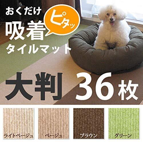 6畳用大判タイプ おくだけ撥水吸着 タイルマット 60cm×45cm 36枚セット ベージュ 撥水加工 洗濯可
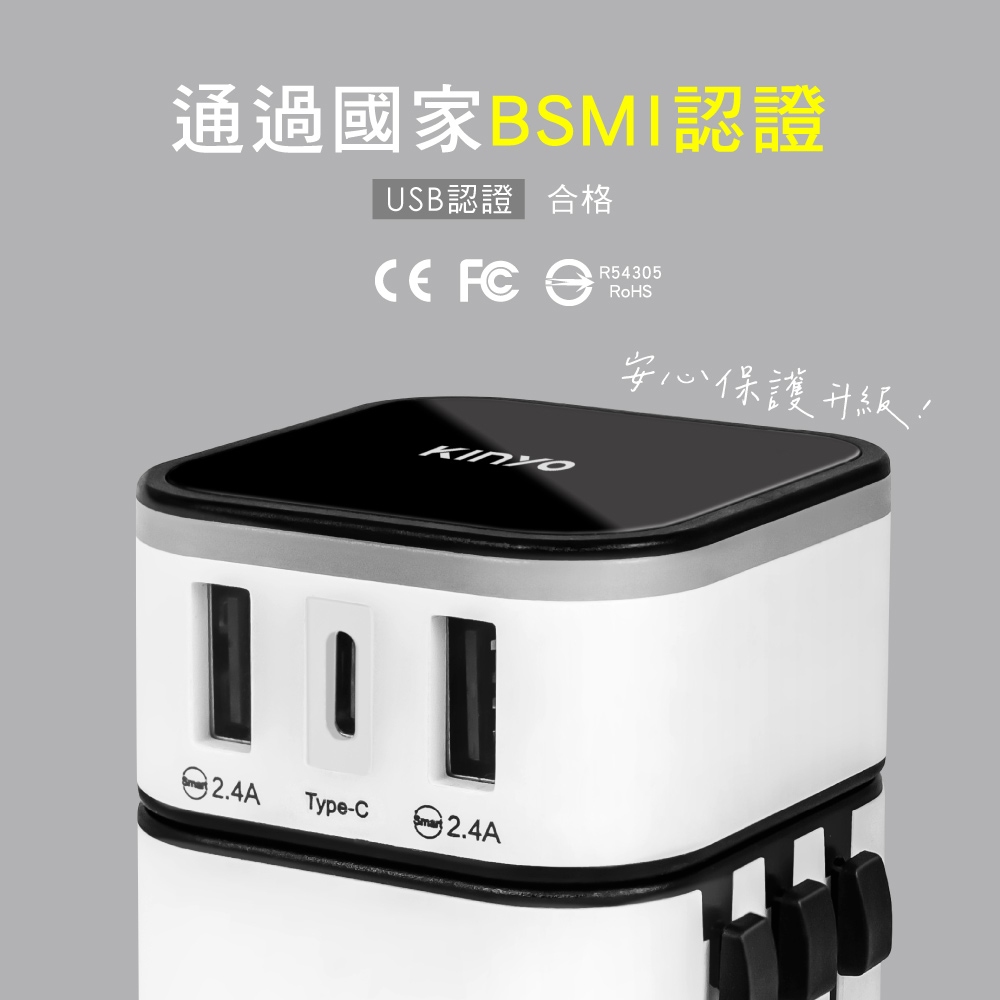 【KINYO官方直營】多合一萬國旅遊轉接頭 USB Type-C 110~240V國際電壓(MPP)黑色_3孔USB|白色_2孔USB+1孔Type-CCables, Chargers & ConvertersKINYO官方旗艦店_3C館
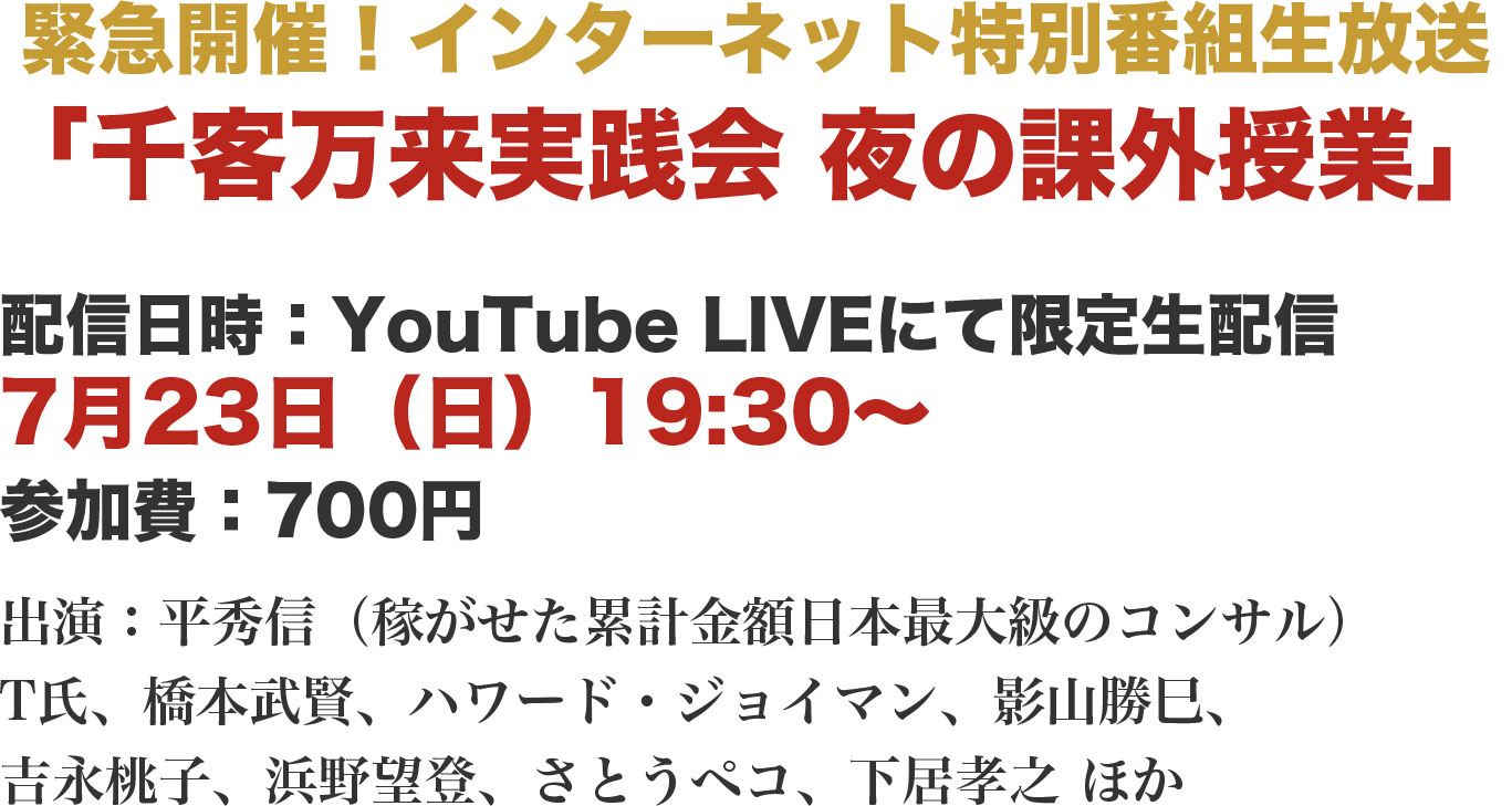 もしあなたが、「なんだかうまくいかないな…」「どうして稼げないんだろう…」と悩んでいるとしたら、この番組を見れば100%解決することでしょう。ほとんどの起業家、サラリーマンがうまくいかない理由を体験談をもとに詳細に解説!
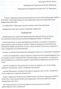 Член Координационного Совета автоперевозчиков С.В. Садиков зачитал требования автоперевозчиков к федеральным и региональным властям. Проект письма депутатов Ярославской областной Думы к Председателю Государственной Думы РФ и Председателю Правительства РФ подготовил и огласил депутат А.В. Воробьёв.

=======

Goal of the exercise: Transcribe exactly the span of lines from the line holding "Chargers & ConvertersKINYO官方旗艦店_3C館" through the last line above, both included. Pictures stay out.

Result:
 【KINYO官方直營】多合一萬國旅遊轉接頭 USB Type-C 110~240V國際電壓(MPP)黑色_3孔USB|白色_2孔USB+1孔Type-CCables, Chargers & ConvertersKINYO官方旗艦店_3C館
 もしあなたが、「なんだかうまくいかないな…」「どうして稼げないんだろう…」と悩んでいるとしたら、この番組を見れば100%解決することでしょう。ほとんどの起業家、サラリーマンがうまくいかない理由を体験談をもとに詳細に解説!
 Член Координационного Совета автоперевозчиков С.В. Садиков зачитал требования автоперевозчиков к федеральным и региональным властям. Проект письма депутатов Ярославской областной Думы к Председателю Государственной Думы РФ и Председателю Правительства РФ подготовил и огласил депутат А.В. Воробьёв.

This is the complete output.